[Recorded data]

((

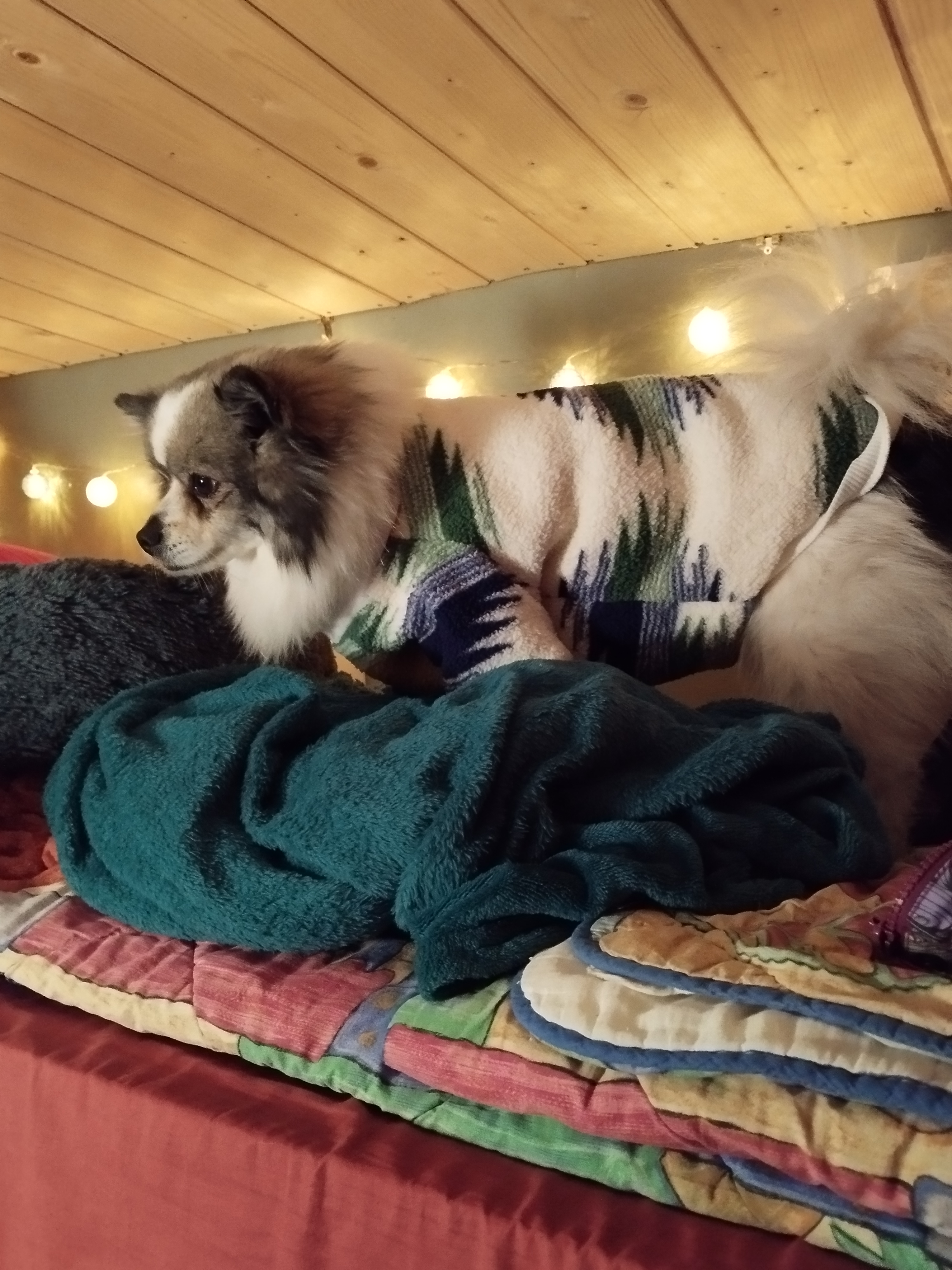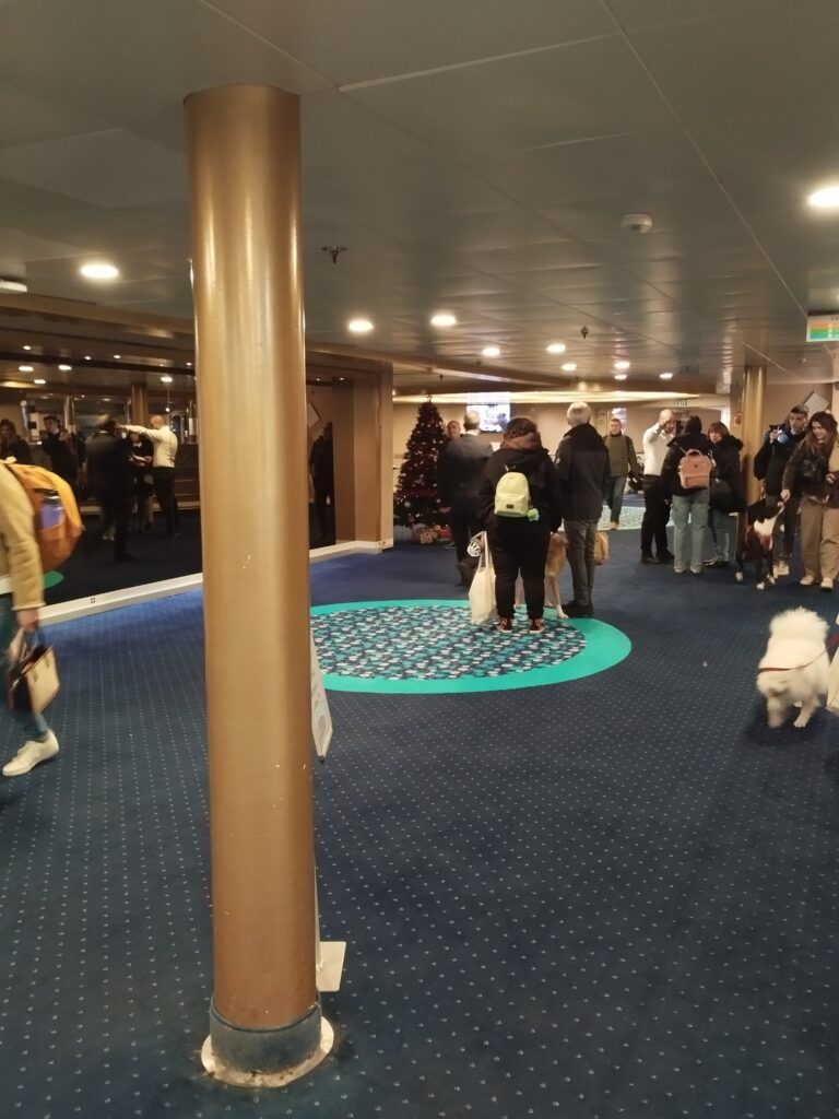 Concernant les chiens, ils sont vraiment bien acceptés. Il faut aller au dernier étage pour leur faire faire leurs besoins. Il y a un mini espace pour eux. J’avoue que j’ai trouvé ça un peu sale. Touity n’est pas allé là dedans. Il a fait pipi sur le pont et après on a rincé avec une bouteille d’eau ^^
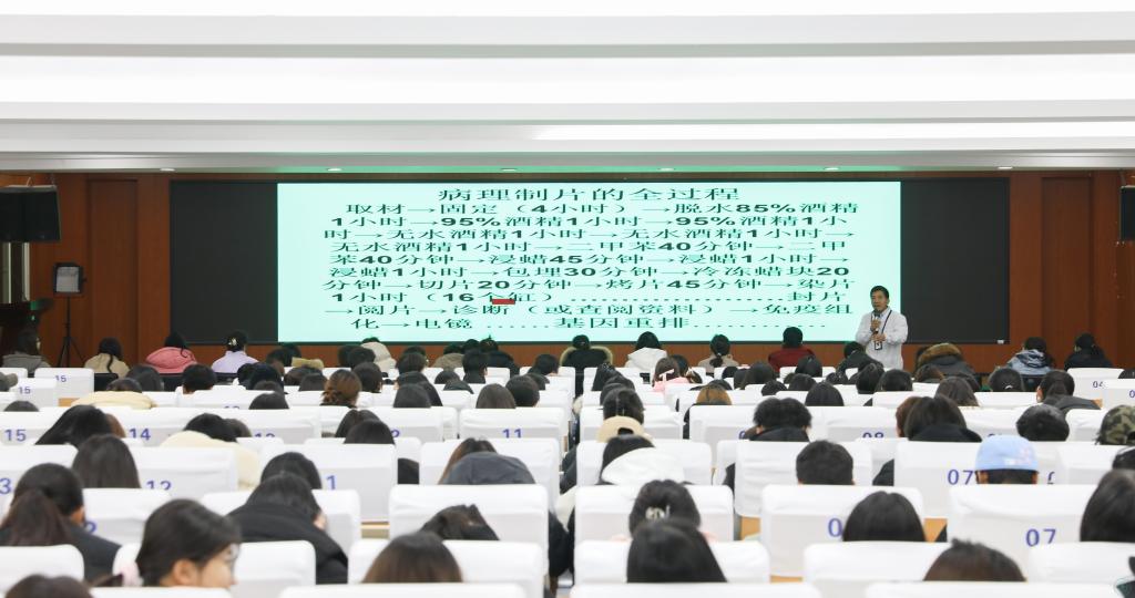 于健康理念蔚然成风、医学知识备受追捧之际,12 月 19 日下午,医学技术系诚邀深耕病理学近三十载、成果卓著的陈大仓教授,开讲专业盛宴,医技系 300 余师生齐聚学院学术报告厅。陈教授以深厚学养与丰富阅历,叩响 “美丽与健康:从饮食到病理的解析” 知识扉页,引领大家穿梭医学迷宫。
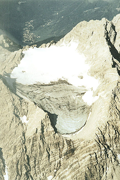 Der Vorderseeferner in den Lechtaler Alpen ist ein typischer Kargletscher, der alle Kriterien erfüllt: Firngebiet, Ablationsgebiet, Spalten, Jahresschichten. Kargletscher werden jeden Winter bis zu ihrer Schwelle mit Lawinen gefüllt. Erwärmung im Sommer macht ihnen wenig aus.
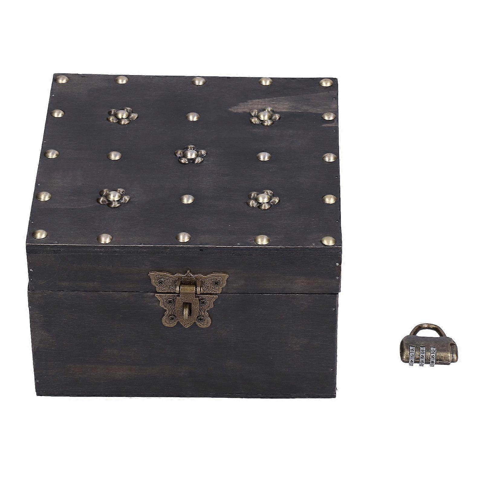 Treasure Props Storage Box with Password Lock Retro Wooden Storage Box for Home Living Room
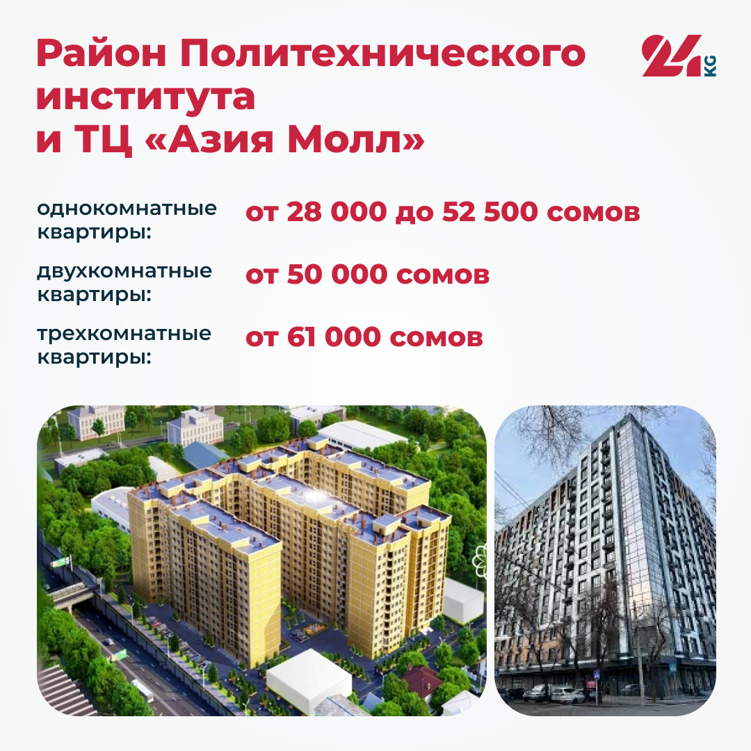 Район Политехнического института и торгового центра «Азия Молл» предлагает однокомнатные квартиры по цене от 28 тысяч до 52 тысяч 500 сомов, но средняя цена около 40 тысяч сомов.
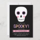 Este convite de aniversário super fofo apresenta um crânio desenhado à mão, com sotaques pastel rosa e roxo. O pêssego do Pastel também é incorporado ao design. O texto diz: "É hora de colocar SPOOKY!" em uma fonte moderna e multicolorida! A parte de trás da carta contém estrelas rosa, roxas e cor de pêssego sobre um fundo preto. *Trabalho de arte por Orabella Impressão
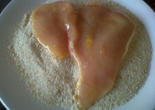 Em um prato plano coloque farinha de rosca. É aí onde vai colocar a carne passada pelo ovo para empanar. O melhor é fazer isso com as mãos certificando-se que fica bem grudada na carne, deve fazer isso dos dois lados. E o frango à milanesa já está pronto para cozinhar!
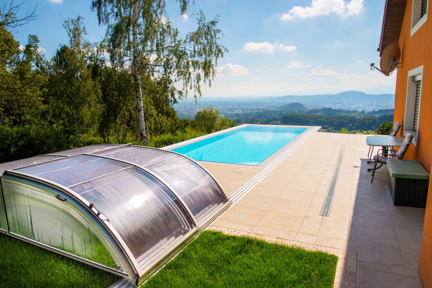 Die Poolüberdachung verlängert Ihre Badesaison um mehrere Monate und ermöglicht Badevergnügen in einer wohltemperierten Umgebung auch bei schlechtem Wetter.
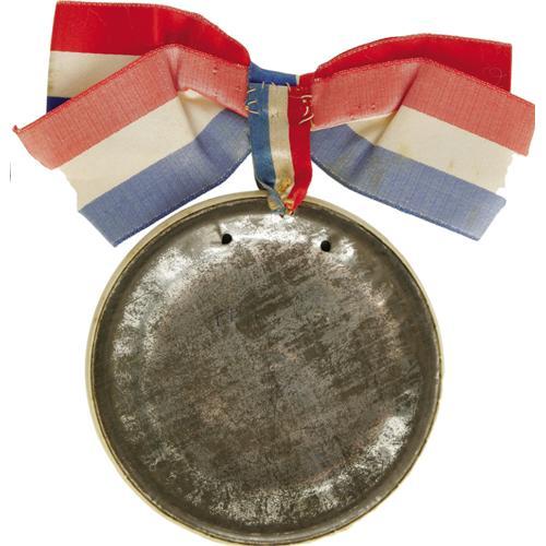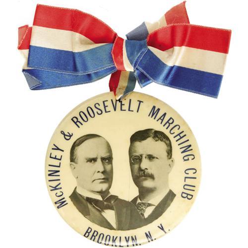 <B>Fantastic 4" McKinley & Roosevelt Jugate Button from Brooklyn, New York.</B></I> Clearly the stylistic "mate" to the Houston Bryan & Stevenson version offered elsewhere in this auction, but in this case in gorgeous condition, even with the original red, white, and blue ribbon bow from which it is suspended. A case might be made for the massive 10" jugate, but to our taste this has to be considered the PREMIER McKinley & Roosevelt jugate variety. We cannot recall seeing another offered. <I>From the Norman Loewenstern Collection.</B></I>
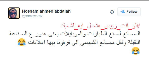 فيما قال Hossam ahmed abdalah: “المصانع لصنع الطيارات والموبايلات يعني هدور على الصناعة التقيلة وهقفل مصانع الشيبسي اللي قرفونا بيها إعلانات”.
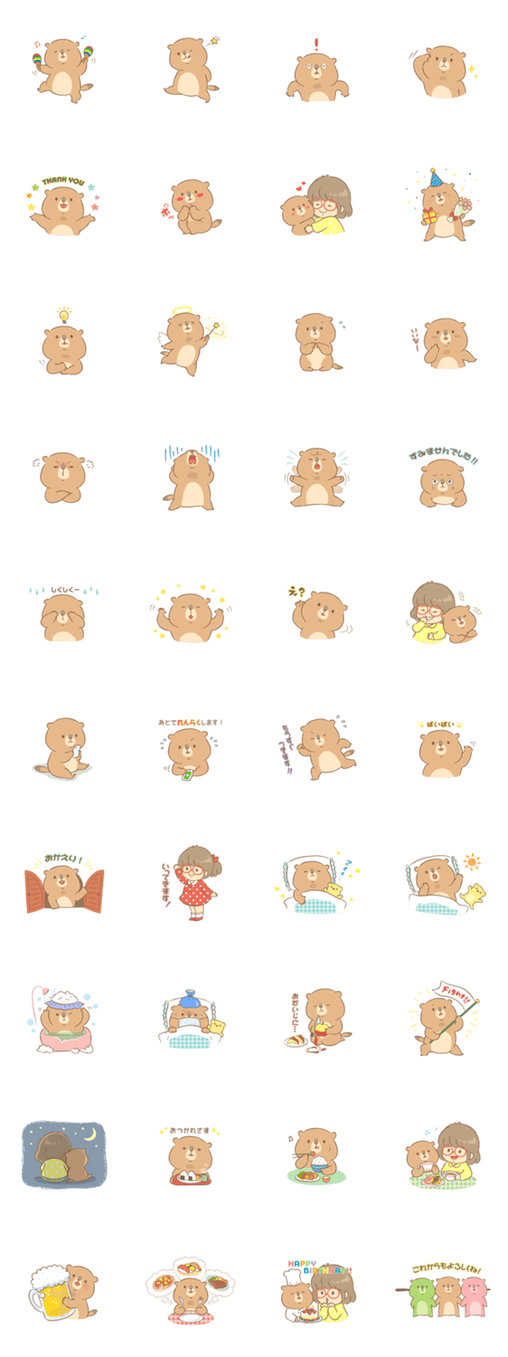 プレーリードッグのだんごと、一緒にくらしている赤眼鏡のはっち。なかよし2人のスタンプです。
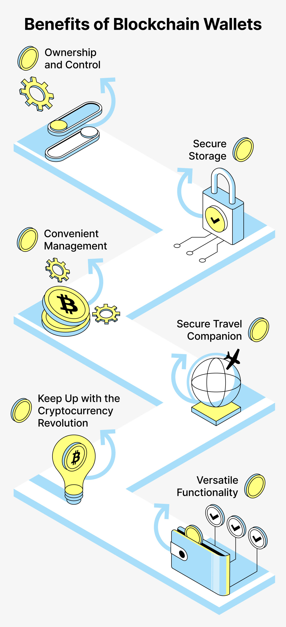 प्राथमिक लाभ एक ब्लॉकचेन वॉलेट का यह है, कि यह व्यक्तियों और संस्थानों को क्रिप्टो वस्तुओं को रखने और वेब 3.0 अर्थव्यवस्था में भाग लेने की सुविधा प्रदान करता है। बिना एक ब्लॉकचेन वॉलेट के, क्रिप्टो वस्तुओं को सीधे मालिकाना करना और नियंत्रण करना कठिन होता है। पारंपरिक बैंकिंग प्रणालियों के विपरीत, जहां तीसरे पक्ष आपके निधि प्रबंधित करते हैं, एक ब्लॉकचेन वॉलेट आपको अपनी डिजिटल वस्तुओं पर पूर्ण स्वामित्व और नियंत्रण के साथ सशक्त बनाता है।

))

YOUR GOAL:
For the entries above, print exactly the lines between the one with "Treasure Props Storage" and the one with "Район Политехнического института", inclusive, with no pictures.

SOLUTION BELOW:
 Treasure Props Storage Box with Password Lock Retro Wooden Storage Box for Home Living Room
 Район Политехнического института и торгового центра «Азия Молл» предлагает однокомнатные квартиры по цене от 28 тысяч до 52 тысяч 500 сомов, но средняя цена около 40 тысяч сомов.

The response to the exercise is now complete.